Agar well diffusion assay was carried out(10).In brief, 100 μL of standardized inoculum of each test bacterium was spread onto sterile Muller–Hinton Agar. A 9 mm sterile polystyrene tip was used to make the well. Each well was filled with the defined volumes of MMRT (25, 50 and 100 µL, 130 µl, 150 µl) and then incubated at 37 C for 24 h. Triplicates were prepared for each sample. The experimental sample having antimicrobial activity inhibits microbial growth and formed the clear zones around the well. The zone of inhibition was measured in millimetres (11). The percentage activities of MMRT were calculated against standard drug (mupirocin) which were considered 100%.
Broth dilution method:
To assess the antibacterial activity using the broth dilution method, experimental samples were emulsified with Tween 80. Tween 80 (0.05%)used as a control sample. Three different volumes of MMRT (100 µL, 130 µl, 150 µl) were chosen for the study. The aliquot of the emulsion was indented with nutrient broth and the final volume of the culture broth was kept at 1.5 ml. To each tube, 0.5ml of test bacterial culture (overnight grown) was indented and incubated at 37 0C for 12 hours. The test tubes were then subjected to serial dilution to the final concentration of 10-7 and plating was done and followed by incubation, the number of colonies shown growth in each dilution was calculated accordingly.(12)
Results and Discussion
aureus and MRSA strains were found to be susceptible to Maha Megarajanga thailam though in different concentrations. MMRT shows that bacterial growth is effectively inhibited at 150 μL concentration. Formation of zone of inhibition started at a concentration of 100μL of MMRT. Table 1 illustrates the size of zone of inhibition formed by MMRT in varying concentrations. The highest antibacterial activity was recorded against S. aureus and MRSA at a concentration of 150 μL. The least activity was recorded against Pseudomonas & E.coli.(Table 1).
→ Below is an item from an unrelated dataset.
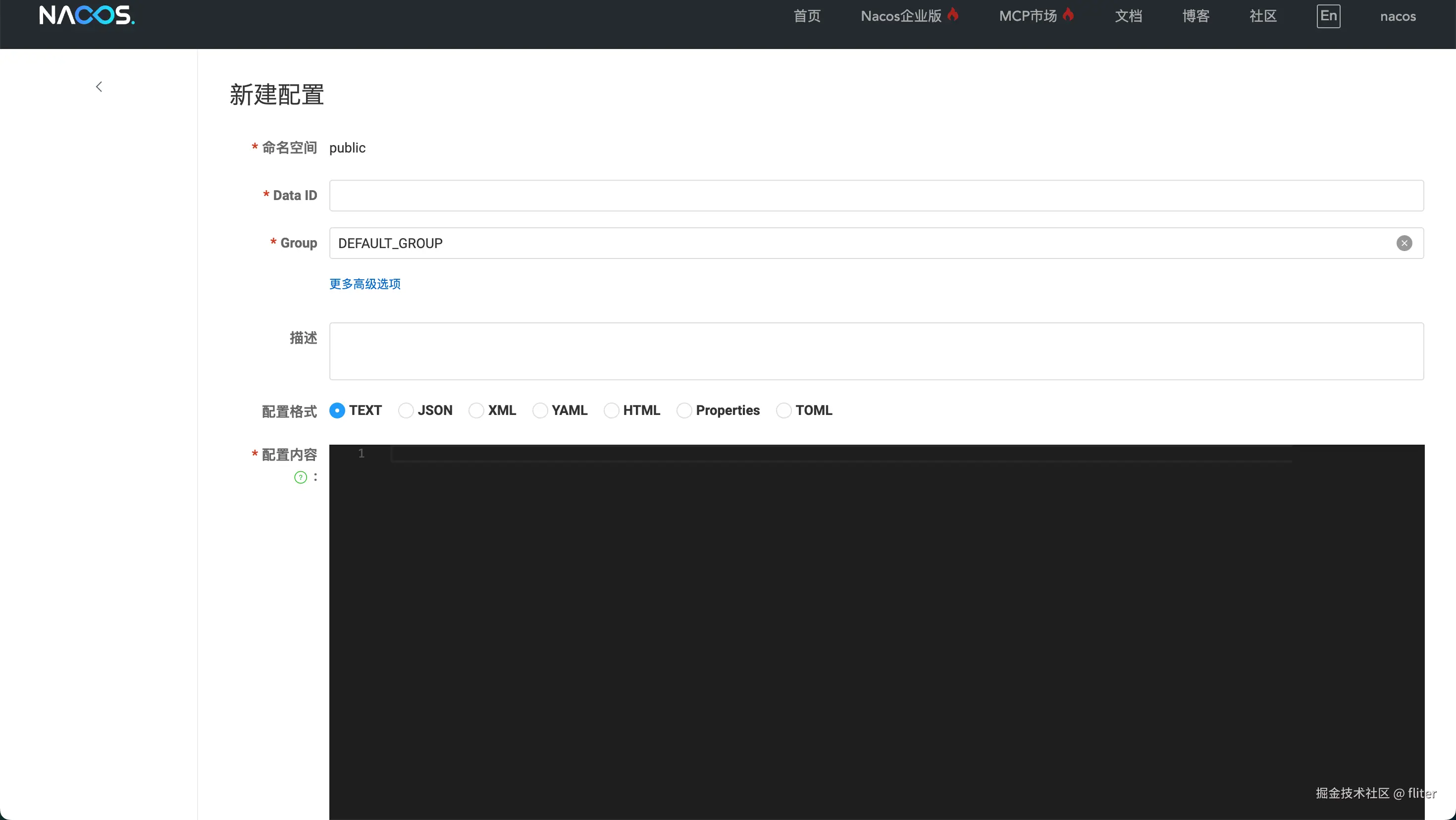 登录后,会看到 Nacos 控制台 左侧菜单有以下几个主要模块:

Table 1: Antimicrobial properties of MMRT- using Agar well diffusion method
There was a significant variation in zone of inhibition with respect to Gram-negative and Gram-positive organisms. E. coli (ATCC 25922TM) showed moderate sensitivity of 9.8 ± 0.1 mm towards MMRT samples when compared to the standard drug Mupirocin (5µg).The zone of inhibition of the standard was found to be 22 ± 2 mm irrespective of increasing concentration. Zone of inhibition of P. aeruoginosa (ATCC 27853 TM) was measured as 9.4 ± 0.2 mm indicating that it has only mild to moderate sensitivity towards MMRT.